David Einhorn, Greenlight Capital
Theboss is known for taking both long and short positions, more famously when he shorted Lehman Brothers over a year before the bank’s collapse and betting against Tesla.
Now, Einhorn is pitching gold. It’s “the ultimate reverse asset,” he said at the conference. He told the audience that he prefers gold to cryptocurrencies since gold is recognized as a “globally acceptable” central bank asset.
“The question is whether there’s enough gold to back the currency reserves,” he said. “The answer is for the price of gold to go higher, perhaps much higher.”
Spot gold, or the live price of gold, was down roughly 0.95% at $1,830 per ounce on Friday morning, while US gold futures dropped a little over 1% to $1,832.40.
Over the past few months, he’s been outspoken about the Federal Reserve’s handling of inflation rates, and his attitude since hasn’t seemed to change. As inflation continues to surge prices across a myriad of industries, Einhorn said he still believes that the level of inflation is understated.
He also blamed the Fed for not increasing interest rates fast enough to help control inflation.

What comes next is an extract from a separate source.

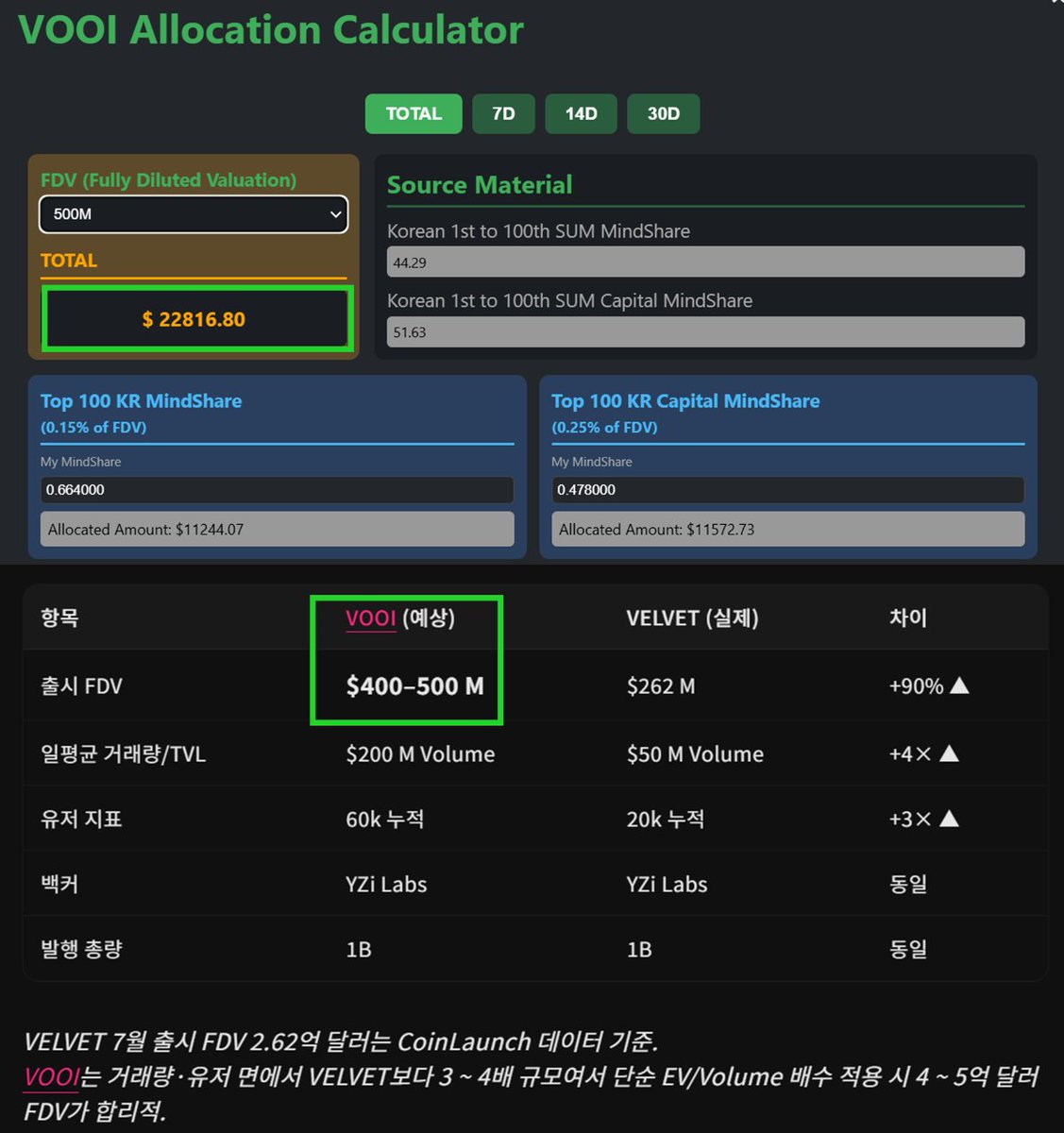 뿌이가 미래다 🍪CookieDAO x @vooi_io $MMT 가 미친 상승 보여줬죠 이제는 VOOI 차례입니다. $VOOI 가 CoinMarketCap에도 잡히고 TGE 힌트가 계속 나오고 있습니다 Crypto Copilot @Surf_Copilot 에게 직접 물어본 TGE 예상 FDV는 약 4억에서 5억 달러 구간 Star777님이 만들어주신 계산기에 따르면 약23천달러 수익! 근데 진짜 중요한 건 성과와 기술이 동시에 올라오고 있다는 사실이죠 [실적 상황] 일평균 거래량 2억에서 2억5천만 달러 누적 거래량 85억에서 132억 달러로 한 달 55퍼센트 성장 월간 활성 지갑 1만에서 1만5천 연간 수수료 수익 환산 약 1천8백만 달러 예상 [기술 포인트] DEX Aggregator 기반 거래 최적화 여러 유동성 소스에서 최적 가격 자동 라우팅 Spot DEX와 Perp(파생)까지 지원 단일 UI로 현물 스왑과 레버리지 거래 제공 Multichain 지원 구조 Astar 등 외부 체인,프로토콜 온보딩 진행 트레이딩 볼륨 인센티브 시스템 수수료 일부를 트레이더에게 리워드로 환원 슬리피지 최소화 라우팅 설계 시장 유동성에 따라 자동 경로 선택 리스크 관리 적용된 실행 구조 유동성 및 가격 변동성 고려한 체결 정책 운영 중요한건 끝까지 쿠키를 잘 구워서 입에 넣을때까지 cookie 공장 멈추며 안됩니다. VOOI TGE 눌러줘!

“As we watch the Fed implement unconventional monetary policy, the Fed promised it could handle inflation when and if it occurred,” he said at Sohn. “For example, here was Ben Bernanke promising he could raise interest rates in 15 minutes if needed. As it turns out, this wasn’t quite right.”
Lauren Taylor Wolfe, co-founder of Impactive Capital
After spending a decade at Blue Harbour Capital, Wolfe started her own activist investment firm, Impactive Capital, in 2018 focusing on environmental, social, and governance.
This year, Wolfe is betting on Wex, a high-quality payments company that operates across three segments: commercial and government vehicle fleet industry, corporate payment, and healthcare.
“By nature of its revenue models, it benefits in inflationary environments and it compounds earnings through the cycle,” she said. “Its high quality and resilient business have enjoyed a long track record of double-digit returns.”
Despite its track record of earnings and growth, Wex is trading at its lowest multiple in over a decade, said Wolfe, and is trading at 13 times earnings. Wex was trading at $57.05 a share, down 64% so far this year, as of mid-day Friday.
“This is driven by market fears over new entrants primarily in the smaller corporate payment segment,” she said.
Over the next three years, Wolfe predicts that Wex will generate $2.2 billion in free cash flow and $2.2 billion in debt capacity. This means there will be $4.5 billion of capital to deploy, which is 60% of their.
“If Wex deploys this capital entirely to share repurchases, they’ll generate about $23 a share in earnings by 2026.”
At last year’s Sohn conference, Wolfe pitched government services company KBR, which was “misunderstood and had an accelerated yet underappreciated tech business,” she said. As of Friday, KBR was up 25.7% year-on-year.